The invention discloses a specific embodiment of a calibrating device for torque sensor calibration, which comprises the following steps: as shown in fig. 2 and 3, the torque sensor comprises a force transmission piece 2 connected with a rotor of a torque sensor 1, wherein the force transmission piece 2 comprises a left force transmission arm 21 and a right force transmission arm 22 which are respectively arranged at two sides of the torque sensor 1, the two force transmission arms are symmetrically arranged, a lightening hole 9 is formed in each force transmission arm for lightening, and a hanging ring 8 is connected to the upper portion of each force transmission arm for lifting. The transmission arm is connected with a flange of the torque sensor 1 through a screw. The end of the transmission arm is connected with a U-shaped member 5 through a bolt pin shaft 6, as shown in fig. 5, the lower part of the U-shaped member 5 is provided with a mounting groove, a backing plate 341 is mounted in the mounting groove, the lower part of the backing plate 341 is provided with a groove, and the backing plate 341 forms an upper ball seat of the upper universal transmission part. The calibrating device for the torque sensor calibration further comprises a force application component 3 used for loading static force for the force transmission arm, the force application component 3 is a combined piece with a length adjusting structure, the force application component 3 is arranged between the U-shaped component 5 corresponding to the force transmission arm on the force application side and the fixed table board 7, the force application component 3 further comprises a force sensor 32 connected with the length adjusting mechanism 31 in series, the length of the force application component 3 is adjusted by adjusting the length adjusting mechanism 31, so that jacking between the force transmission arm and the fixed table board 7 is achieved, force on the force transmission arm is loaded, the loaded acting force is transmitted to the torque sensor 1 through the force arm, the value of the torque sensor 1 is compared with the torque value detected and calculated by the force sensor 32, and calibration of the torque sensor 1 is achieved.
As shown in fig. 4 and 5, the specific structure of the force application assembly 3: the base 312, the screw 311, the thrust ball bearing 33, the base plate 341, the steel ball 342, the connecting piece 343, the gland nut 35, the force sensor 32, the gland nut 35, the connecting piece 343 and the steel ball 342 are arranged from bottom to top in sequence.

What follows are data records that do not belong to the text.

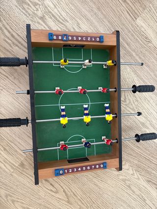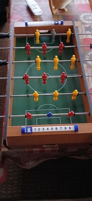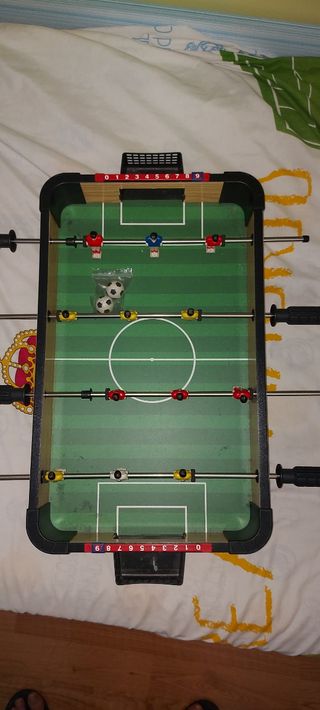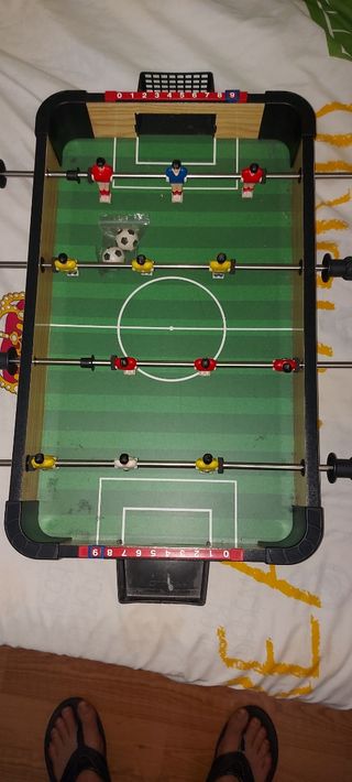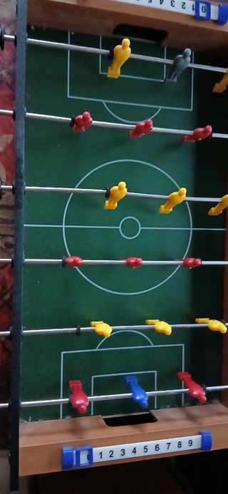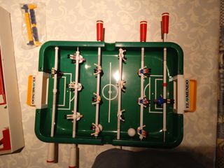 Se vende futbolín de mesa nuevo . Es un juego de mesa pequeño y portátil, ideal para jugar en casa. - Medidas compactas. - Diseño deportivo. - Incluye 2 barras con jugadores.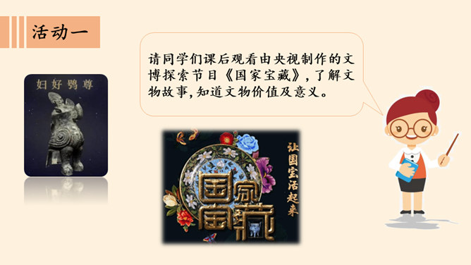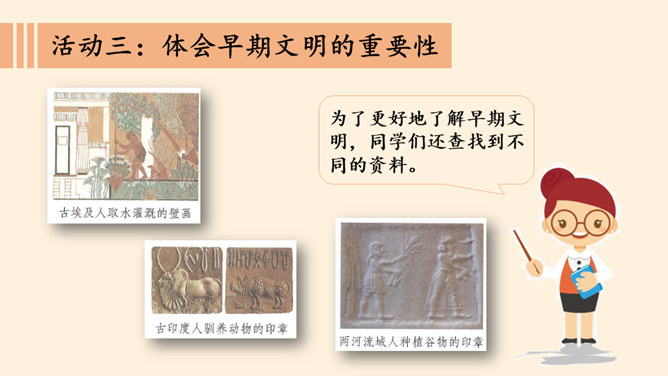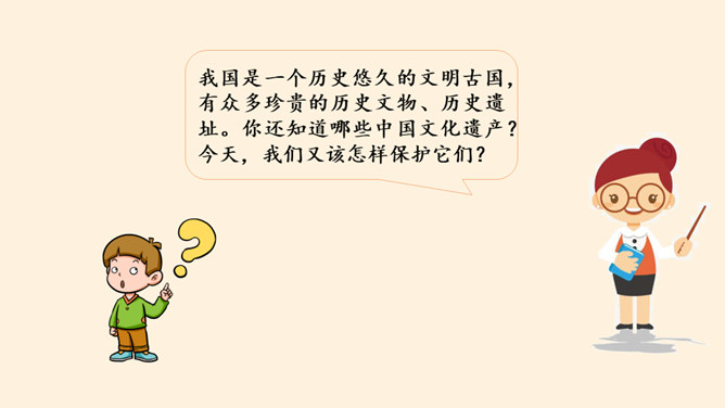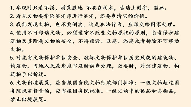 我国是一个历史悠久的文明古国,有众多珍贵的历史文物、历史遗址。今天,我们又该怎样保护它们?1.参观时只看不摸,游览胜地 不要在树木,古墙上刻字,滥画。2.看见文物要拿给鉴定师进行鉴定,还要查清它的价值。3.我们发现文物,也不要倒卖,这是犯法行为,应该交给国家处理。4.使用不可移动文物,必须遵守不改变文物原状的原则,负责保护建筑物及其附属文物的安全,不得损毁、改建、添建或者拆除不可移动文物。5.对危害文物保护单位安全、破坏文物保护单位历史风貌的建筑物、构筑物,当地人民政府应当及时调查处理。所属专题:探访古代文明ppt。
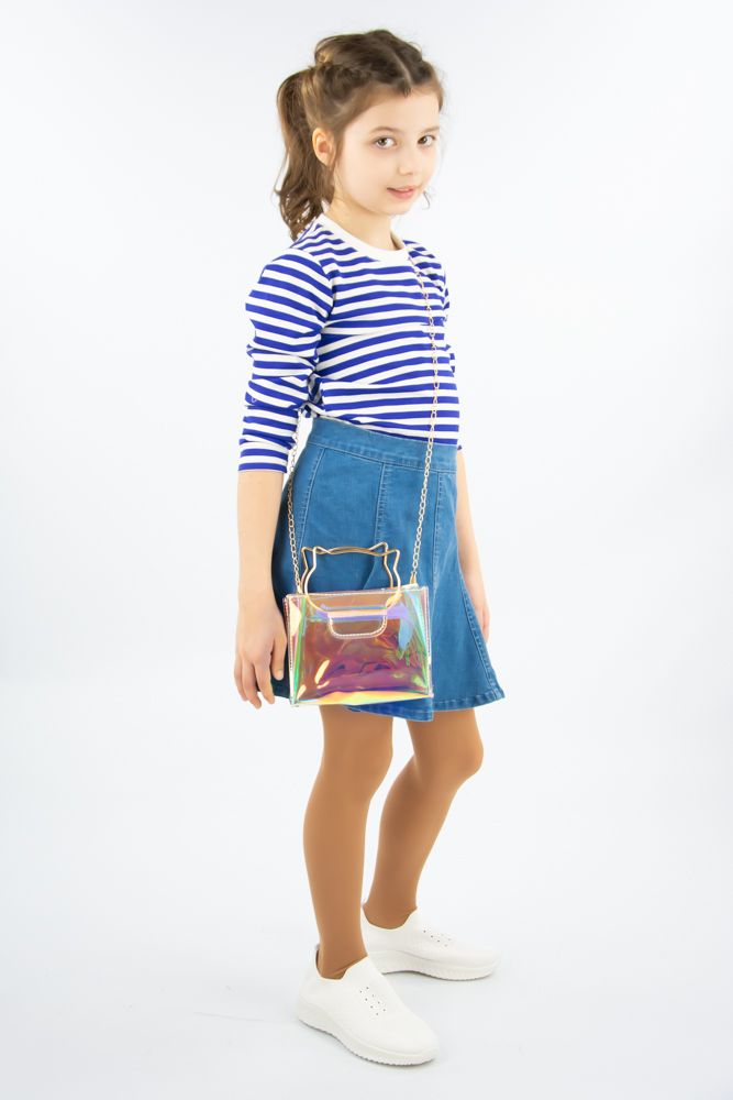 - Юбочка отличная! Джинса хорошего качества и сшита грамотно. Лежит мягкими складками, не задирается и попка у дочки прикрыта.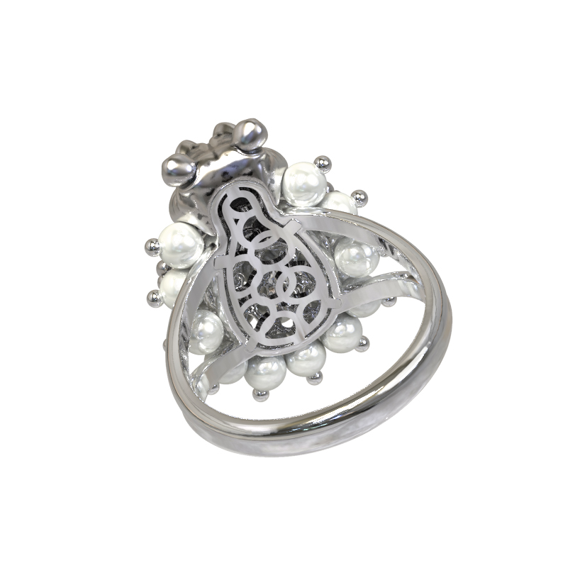 Кольцо из белого золота c эмалью и жемчугом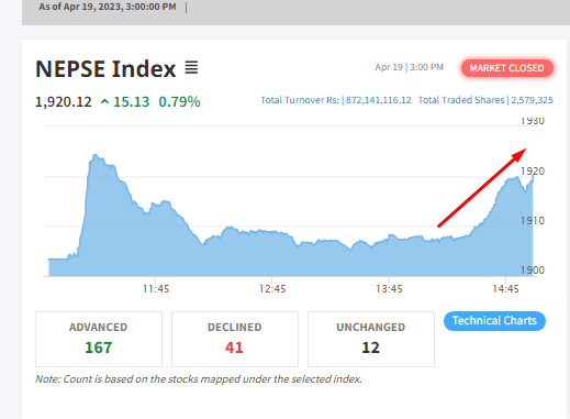 आजको बजार वृद्धिको ट्रेण्ड हेर्दा सुरूको १५ मिनेट बजार आक्रामक सिधा भर्टिकल लाईनमा वृद्धि भएको र त्यस पश्चात बजारमा विक्री चाप देखिएको थियो तर बजार बन्द हुनु ३० मिनेट अघि बजारमा पुन खरिदकर्ता आएसंगै बजारमा दोहोरो अंकको वृद्धि देखिएको हो ।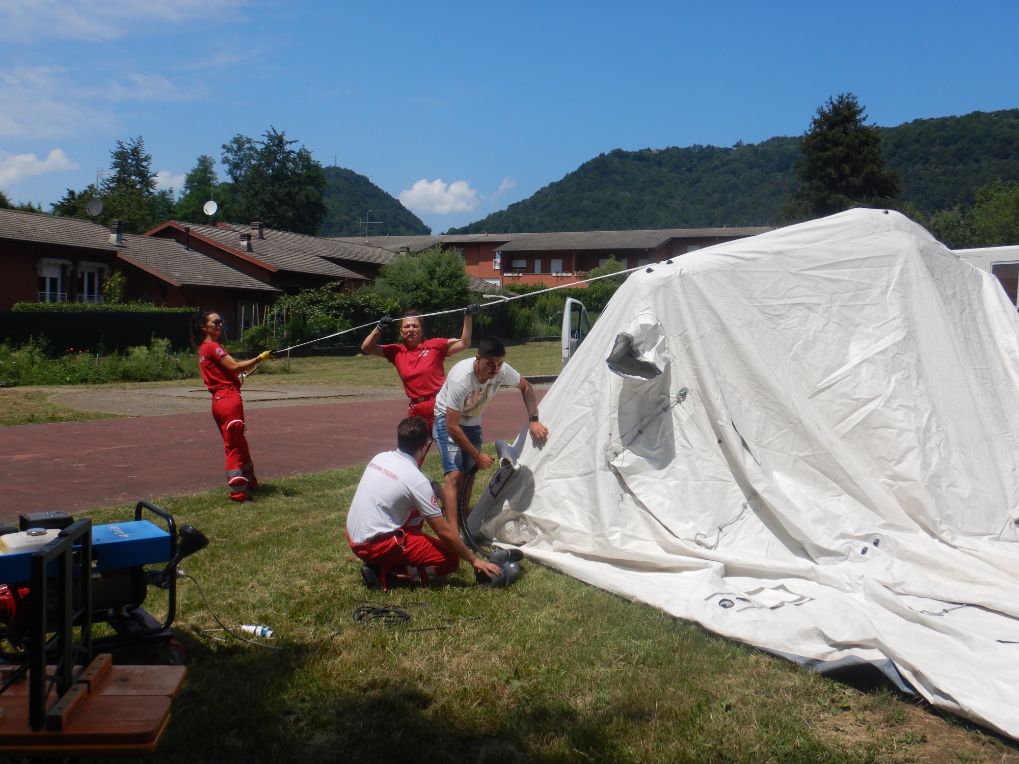 Dopo aver presenziato alla cerimonia di apertura, durante la quale è avvenuto il saluto del coordinatore del campo Mauro Sottocornola, del presidente del comitato meratese di Croce Rossa Claudio Ferrario, del sindaco Marco Panzeri, del consigliere provinciale delegato alla Protezione Civile Stefano Simonetti, del comandante di Polizia Locale Vincenzo Barile e del capo squadra dei Vigili del Fuoco Leonardo Bonanomi, i volontari si sono sistemati nel campo in attesa del briefing, all’oscuro di quello che sarebbe accaduto di lì a poche ore. Nel frattempo membri della Protezione Civile del gruppo Rescue Drones Network Odv, grazie ai loro potenti mezzi hanno iniziato a sorvolare l’area dell’intervento e a catturare immagini, proprio come farebbero durante un’emergenza vera.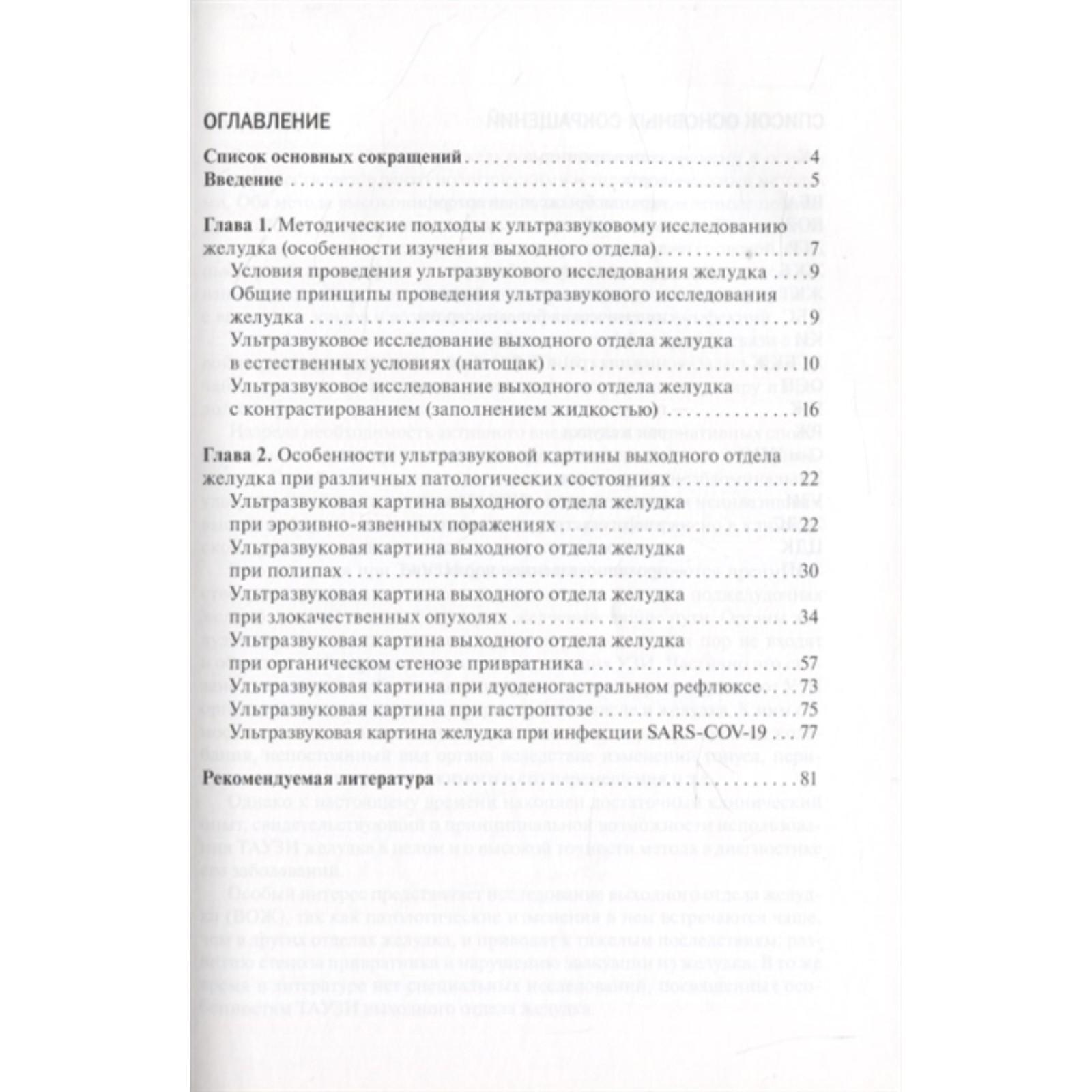 В руководстве обобщены современные представления об ультразвуковом исследовании желудка на основании данных литературы и собственного клинического опыта авторов. Подробно изложена методика исследования выходного отдела желудка, в котором патологические изменения встречаются чаще, чем в других отделах, и могут приводить к тяжелым осложнениям, формированию стеноза привратника и задержке эвакуации желудочного содержимого. В руководстве также описаны оригинальные методики исследования желудка при проведении чрескожного ультра звукового исследования брюшной полости, отмечены особенности ультразвукового изображения выходного отдела желудка у здоровых людей и обоснована целесообразность использования данного метода для диагностики заболеваний желудка. На основании собственных данных уточнена ультразвуковая семиотика наиболее часто встречаемых заболеваний выходного отдела желудка: эрозивно-язвенных поражений, доброкачественных и злокачественных опухолей, органического стеноза привратника; определены ультразвуковые критерии гастроптоза, дуоденогастрального рефлюкса. Во 2-м издании также описаны изменения желудка при новой коронавирусной инфекции COVID-19. Последнее особенно актуально, так как исследование желудка с помощью обычных рентегнологического и эндоскопического методов при наличии инфекции COVID-19 ограничено в связи с эпидемической обстановкой и тяжелым состоянием пациентов. Издание предназначено специалистам по ультразвуковой диагностике, гастроэнтерологам, рентгенологам, эндоскопистам, терапевтам, врачам общей практики и другим специалистам.

The base 312 is provided with a tubular base body, the inner cavity of the tube is provided with internal threads for being in threaded connection with the screw 311, the bottom end of the outer part of the tubular base body is provided with a connecting flange 3121, the connecting flange 3121 is provided with a plurality of bolt holes for fixing bolts 4 to penetrate so as to fix the base 312 relative to the fixing table-board 7; the screw 311 is a structure with a T-shaped longitudinal section, the lower section of the screw has external threads to be connected with the base 312 by threads, and the upper section of the screw is provided with a rotation stopping structure, which is hexagonal in a nut shape in this embodiment, so that the screw can be screwed more conveniently by using a wrench; the thrust ball bearing 33 includes an upper ring, a lower ring, balls, a ball retainer, and the like, and can transmit axial force and realize rotation of the screw 311 relative to the pad 341; the upper surface of the base plate 341 is provided with a groove matched with the steel ball 342; the longitudinal section of the connecting piece 343 is T-shaped, the bottom surface of the lower section of the connecting piece 343 is provided with a groove matched with the steel ball 342, the upper section of the connecting piece 343 is provided with threads, and the connecting piece 343 is in threaded connection with the force sensor 32 through the upper end of the connecting piece 343 and is compressed through the compression nut 35; the force sensor 32 is a pull pressure sensor 32; the upper end and the lower end of the pull pressure sensor 32 are provided with S-shaped connecting plates which are conveniently connected with the threads of the connecting piece 343; the compression nut 35, the connecting member 343, and the steel ball 342, which are sequentially disposed on the upper side of the force sensor 32, are disposed in the same manner as the lower side, and will not be described.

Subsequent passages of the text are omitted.